- WHAT YOU ARE ASKED TO DO: Copy out all the lines of the data precisely, omitting any pictures.

- DATA EXCERPT:
........

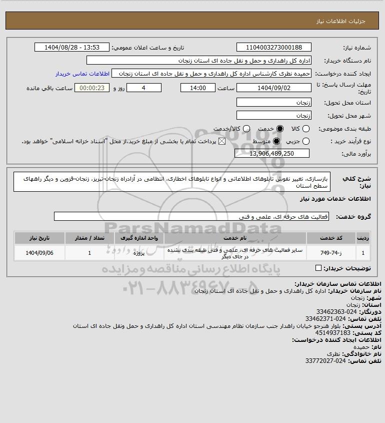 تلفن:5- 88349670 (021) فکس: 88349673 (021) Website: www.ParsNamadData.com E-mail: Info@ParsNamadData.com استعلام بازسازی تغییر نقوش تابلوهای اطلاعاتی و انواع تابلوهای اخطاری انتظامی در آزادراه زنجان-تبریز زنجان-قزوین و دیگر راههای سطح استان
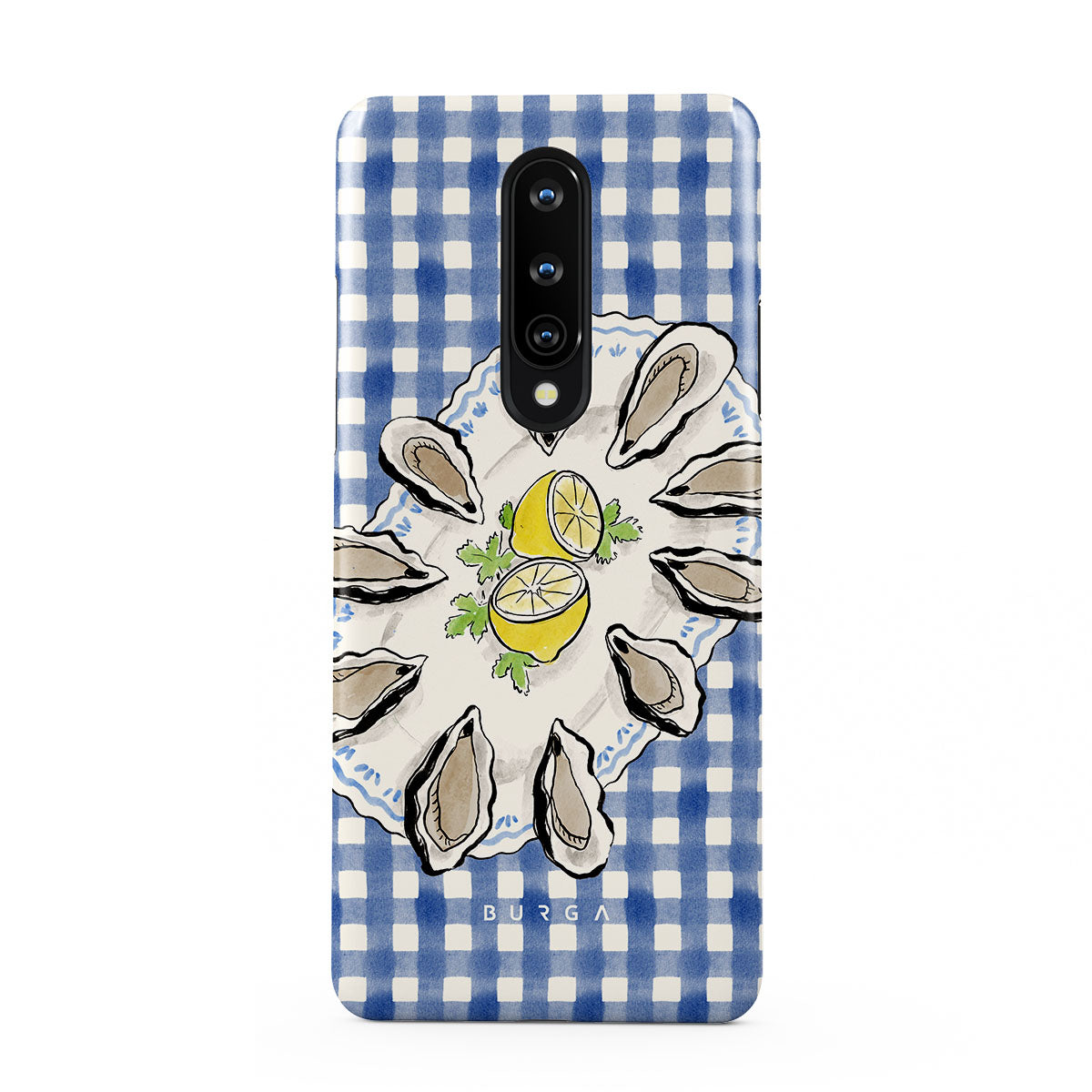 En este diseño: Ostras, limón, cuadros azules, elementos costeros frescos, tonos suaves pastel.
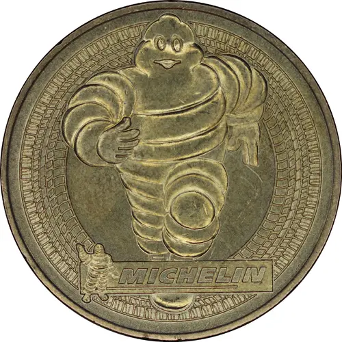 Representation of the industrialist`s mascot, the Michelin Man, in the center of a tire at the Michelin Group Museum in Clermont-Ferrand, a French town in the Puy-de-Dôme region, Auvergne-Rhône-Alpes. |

........

- SOLUTION:
 تلفن:5- 88349670 (021) فکس: 88349673 (021) Website: www.ParsNamadData.com E-mail: Info@ParsNamadData.com استعلام بازسازی تغییر نقوش تابلوهای اطلاعاتی و انواع تابلوهای اخطاری انتظامی در آزادراه زنجان-تبریز زنجان-قزوین و دیگر راههای سطح استان
 En este diseño: Ostras, limón, cuadros azules, elementos costeros frescos, tonos suaves pastel.
 Representation of the industrialist`s mascot, the Michelin Man, in the center of a tire at the Michelin Group Museum in Clermont-Ferrand, a French town in the Puy-de-Dôme region, Auvergne-Rhône-Alpes. |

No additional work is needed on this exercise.